## Your goal
A faithful copy is required: transcribe each line below exactly, minus the pictures.

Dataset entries
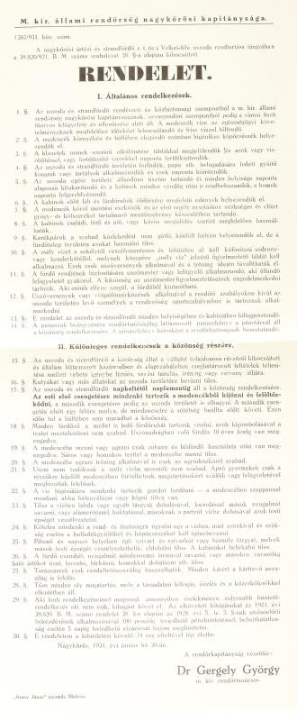 Beschreibung: 1931 Nagykőrös artézi és strandfürdő rt. és a Velkei-féle uszoda rendtartása tárgyában kibocsájtott rendelet. Falragasz 21x48 cm
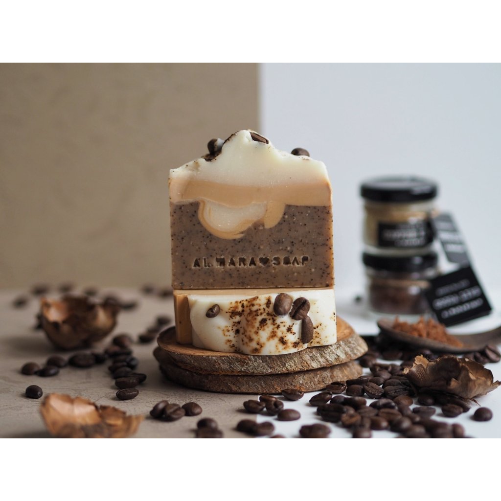 Designové ručně vyrobené mýdlo se sladkou vůní kávy a peelingovým efektem. Výrazná vůně čerstvě připraveného espressa harmonicky se mísící s tóny čokolády, karamelu, hnědého cukru, kokosu a medu.
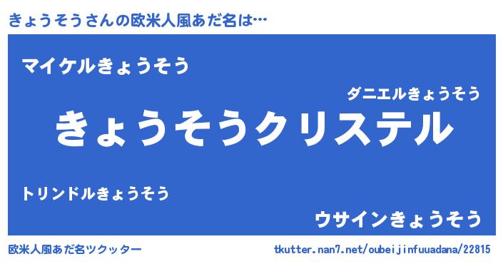 | ファンタジー風あだ名 | 『エターナルキョウソウー』『キョフェル』 |
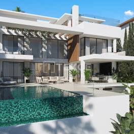 Vrijstaande Villa’s met Privéliften in een Gewilde Omgeving van EsteponaDit nieuwe project ligt in de gemeente Estepona. Estepona ligt aan de pittoreske kust van de Costa del Sol in Zuid-Spanje en heeft een gevarieerd aanbod van woningen. Met zijn prachtige stranden, milde klimaat het hele jaar door, charmante oude stad en weelderige platteland, biedt Estepona bewoners een rustig toevluchtsoord met gemakkelijke toegang tot geavanceerde voorzieningen om een comfortabele en plezierige levensstijl te garanderen.De villa’s te koop in Estepona Malaga liggen in een bevoorrechte woonwijk van Estepona, net boven de zogenaamde "New Golden Mile", naast de Golf & Country Club, een internationale school en een scala aan lokale dagelijkse voorzieningen en diensten. Het project ligt op 2,5 km van de zandstranden en op 2 km van de afrit van de snelweg, waardoor reizen eenvoudig en gemakkelijk is. Het centrum van Estepona ligt op 12 km van het complex, Puerto Banus en Marbella op 14 km. Het duurt ongeveer een uur om de internationale luchthaven van Malaga te bereiken.Het project ligt in een gewild en pittoresk landschap omringd door de schoonheid van de natuur en presenteert een verzameling van twaalf elegante en exclusieve villa’s die worden gekenmerkt door modern design. Genesteld in een serene omgeving, is elke villa zorgvuldig ontworpen om zijn individuele allure uit te stralen, harmonieus versmeltend met de ongerepte natuurlijke omgeving. Elke villa staat op een privéperceel van meer dan 1000 m² en biedt een adembenemend buitenleven met uitgestrekte onoverdekte terrassen, essentieel voor het mediterrane leven, een royaal zwembad met zonneterras en een verzorgde tuin met een automatisch irrigatiesysteem.Deze luxe villa’s met privéliften beschikken over ruime, open interieurs met een afwerking van topkwaliteit. Elke villa heeft zijn eigen individuele karakter, waardoor elke bewoner een ervaring op maat krijgt. In de ontwerpbenadering staat het licht centraal als zowel de belangrijkste focus als een onmisbaar element. De ontwikkelaar heeft zorgvuldig grote ramen geplaatst en dubbelhoge ruimten ingebouwd om het gebruik van natuurlijk licht te optimaliseren en het gevoel van ruimtelijkheid te vergroten. AGP-00896
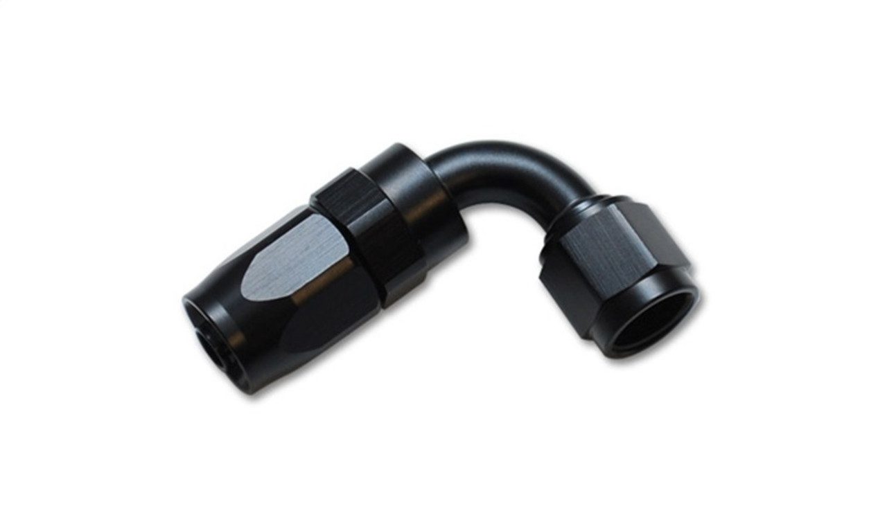 Vibrant Performance -4AN 90 Degree Elbow Hose Swivel-Style Hose End Fitting deliver the type of quality, reliability, smooth flow and ease of assembly that industry professionals demand. Made from 6061 Aluminum Alloy, these lightweight fittings are suitable for use in oil, fuel, coolant and vacuum applications and feature double PTFE O-Ring seals for leak-free service when installed properly. Our signature Double Anodized and Polished finish delivers remarkable color consistency from one batch to the next. Available in Black Hard Anodized finish only.
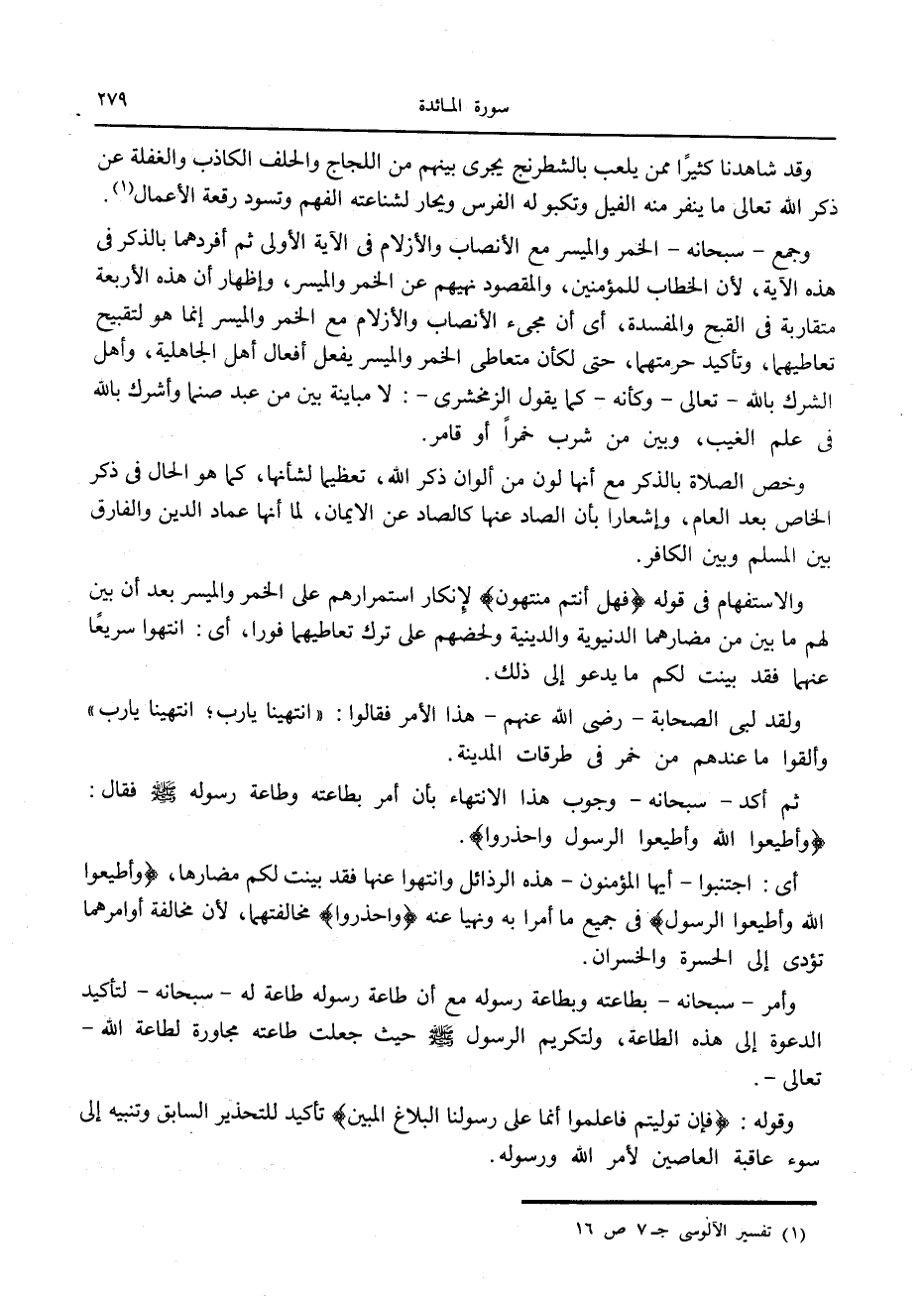 وجمع- سبحانه- الخمر والميسر مع الأنصاب والأزلام في الآية الأولى ثم أفردهما بالذكر في هذه الآية، لأن الخطاب للمؤمنين، والمقصود نهيهم عن الخمر والميسر، وإظهار أن هذه الأربعة متقاربة في القبح والمفسدة، أى أن مجيء الأنصاب والأزلام مع الخمر والميسر إنما هو لتقبيح تعاطيهما، وتأكيد حرمتهما، حتى لكأن متعاطى الخمر والميسر يفعل أفعال أهل الجاهلية، وأهل الشرك بالله- تعالى- وكأنه- كما يقول الزمخشري-: لا مباينة بين من عبد صنما وأشرك بالله في علم الغيب، وبين من شرب خمرا أو قامر.
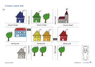 Dazu nutzen sie das Arbeitsblatt "Stadtplan", auf dem ein kleiner Stadtplan eingezeichnet ist. Sie schneiden die Figur von Red aus und bemalen ihn (zum Beispiel in der Farbe ihrer eigenen Socke). Die Figur bewegt sich auf dem Stadtplan nach den Anweisungen der Kinder. Ein Kind gibt die Anweisung, ohne auf den Stadtplan zu schauen, das andere Kind bewegt die Figur nach seinen Anweisungen. Nach der dritten Anweisung wird gefragt: "Where are you?" und das Kind erklärt, wo die Socke steht: "I am at the church", "I am in Spring Lane".
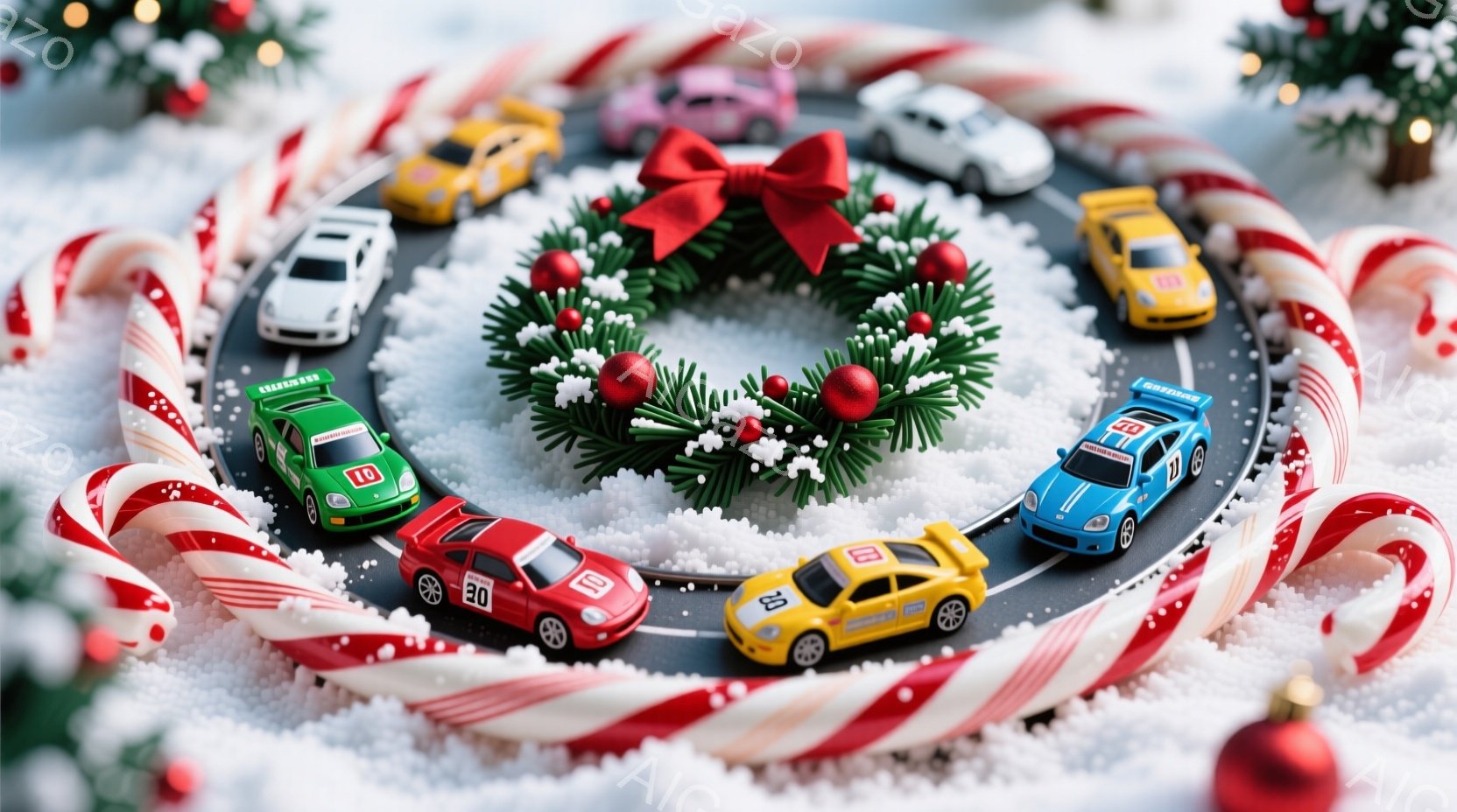鮮やかなキャンディケーンが雪の上に敷き詰められ、その中心にクリスマスリースが飾られています。ミニカーがリースの周りを走るように配置されており、まるでレーストラックのようです。全体的に暖かく、お祝いムード満点のクリスマスの情景が表現されています。
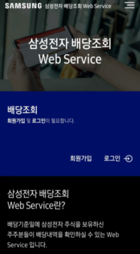 삼성전자 배담금을 조회하길 원하실 때는 삼성전자 홈페이지에 있는 '배당 조회 Web'을 이용하시면 배당 기준일에 삼성전자 주식을 보유하신 주주들이 배당내역을 손쉽게 확인할 수 있습니다.
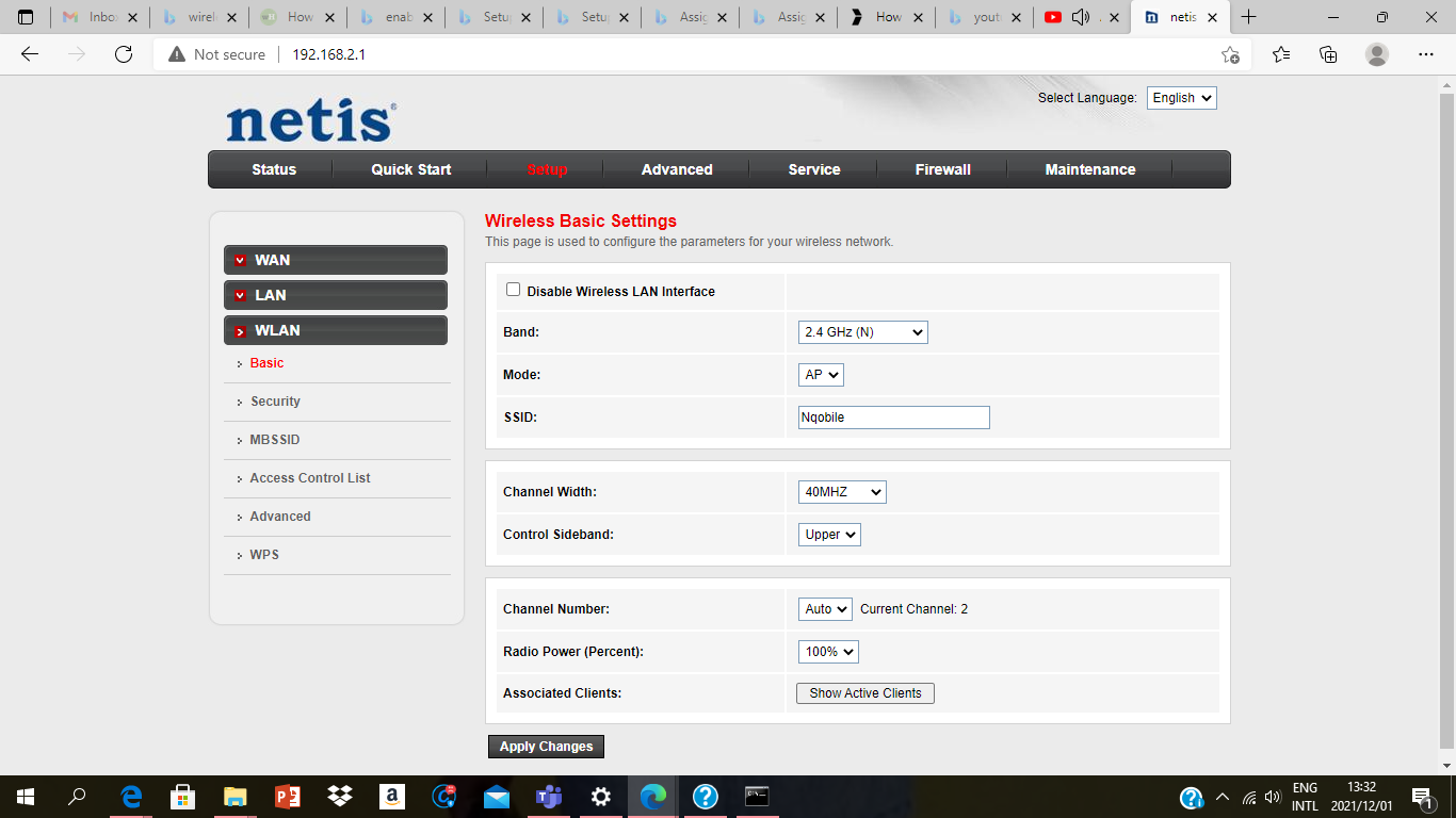 These are steps I followed to set up Netis route and the SSID (List of available networks )changed to my name Nqobile.

## Output below
 Beschreibung: 1931 Nagykőrös artézi és strandfürdő rt. és a Velkei-féle uszoda rendtartása tárgyában kibocsájtott rendelet. Falragasz 21x48 cm
 Designové ručně vyrobené mýdlo se sladkou vůní kávy a peelingovým efektem. Výrazná vůně čerstvě připraveného espressa harmonicky se mísící s tóny čokolády, karamelu, hnědého cukru, kokosu a medu.
 | ファンタジー風あだ名 | 『エターナルキョウソウー』『キョフェル』 |
 Vrijstaande Villa’s met Privéliften in een Gewilde Omgeving van EsteponaDit nieuwe project ligt in de gemeente Estepona. Estepona ligt aan de pittoreske kust van de Costa del Sol in Zuid-Spanje en heeft een gevarieerd aanbod van woningen. Met zijn prachtige stranden, milde klimaat het hele jaar door, charmante oude stad en weelderige platteland, biedt Estepona bewoners een rustig toevluchtsoord met gemakkelijke toegang tot geavanceerde voorzieningen om een comfortabele en plezierige levensstijl te garanderen.De villa’s te koop in Estepona Malaga liggen in een bevoorrechte woonwijk van Estepona, net boven de zogenaamde "New Golden Mile", naast de Golf & Country Club, een internationale school en een scala aan lokale dagelijkse voorzieningen en diensten. Het project ligt op 2,5 km van de zandstranden en op 2 km van de afrit van de snelweg, waardoor reizen eenvoudig en gemakkelijk is. Het centrum van Estepona ligt op 12 km van het complex, Puerto Banus en Marbella op 14 km. Het duurt ongeveer een uur om de internationale luchthaven van Malaga te bereiken.Het project ligt in een gewild en pittoresk landschap omringd door de schoonheid van de natuur en presenteert een verzameling van twaalf elegante en exclusieve villa’s die worden gekenmerkt door modern design. Genesteld in een serene omgeving, is elke villa zorgvuldig ontworpen om zijn individuele allure uit te stralen, harmonieus versmeltend met de ongerepte natuurlijke omgeving. Elke villa staat op een privéperceel van meer dan 1000 m² en biedt een adembenemend buitenleven met uitgestrekte onoverdekte terrassen, essentieel voor het mediterrane leven, een royaal zwembad met zonneterras en een verzorgde tuin met een automatisch irrigatiesysteem.Deze luxe villa’s met privéliften beschikken over ruime, open interieurs met een afwerking van topkwaliteit. Elke villa heeft zijn eigen individuele karakter, waardoor elke bewoner een ervaring op maat krijgt. In de ontwerpbenadering staat het licht centraal als zowel de belangrijkste focus als een onmisbaar element. De ontwikkelaar heeft zorgvuldig grote ramen geplaatst en dubbelhoge ruimten ingebouwd om het gebruik van natuurlijk licht te optimaliseren en het gevoel van ruimtelijkheid te vergroten. AGP-00896
 Vibrant Performance -4AN 90 Degree Elbow Hose Swivel-Style Hose End Fitting deliver the type of quality, reliability, smooth flow and ease of assembly that industry professionals demand. Made from 6061 Aluminum Alloy, these lightweight fittings are suitable for use in oil, fuel, coolant and vacuum applications and feature double PTFE O-Ring seals for leak-free service when installed properly. Our signature Double Anodized and Polished finish delivers remarkable color consistency from one batch to the next. Available in Black Hard Anodized finish only.
 وجمع- سبحانه- الخمر والميسر مع الأنصاب والأزلام في الآية الأولى ثم أفردهما بالذكر في هذه الآية، لأن الخطاب للمؤمنين، والمقصود نهيهم عن الخمر والميسر، وإظهار أن هذه الأربعة متقاربة في القبح والمفسدة، أى أن مجيء الأنصاب والأزلام مع الخمر والميسر إنما هو لتقبيح تعاطيهما، وتأكيد حرمتهما، حتى لكأن متعاطى الخمر والميسر يفعل أفعال أهل الجاهلية، وأهل الشرك بالله- تعالى- وكأنه- كما يقول الزمخشري-: لا مباينة بين من عبد صنما وأشرك بالله في علم الغيب، وبين من شرب خمرا أو قامر.
 Dazu nutzen sie das Arbeitsblatt "Stadtplan", auf dem ein kleiner Stadtplan eingezeichnet ist. Sie schneiden die Figur von Red aus und bemalen ihn (zum Beispiel in der Farbe ihrer eigenen Socke). Die Figur bewegt sich auf dem Stadtplan nach den Anweisungen der Kinder. Ein Kind gibt die Anweisung, ohne auf den Stadtplan zu schauen, das andere Kind bewegt die Figur nach seinen Anweisungen. Nach der dritten Anweisung wird gefragt: "Where are you?" und das Kind erklärt, wo die Socke steht: "I am at the church", "I am in Spring Lane".
鮮やかなキャンディケーンが雪の上に敷き詰められ、その中心にクリスマスリースが飾られています。ミニカーがリースの周りを走るように配置されており、まるでレーストラックのようです。全体的に暖かく、お祝いムード満点のクリスマスの情景が表現されています。
 삼성전자 배담금을 조회하길 원하실 때는 삼성전자 홈페이지에 있는 '배당 조회 Web'을 이용하시면 배당 기준일에 삼성전자 주식을 보유하신 주주들이 배당내역을 손쉽게 확인할 수 있습니다.
 These are steps I followed to set up Netis route and the SSID (List of available networks )changed to my name Nqobile.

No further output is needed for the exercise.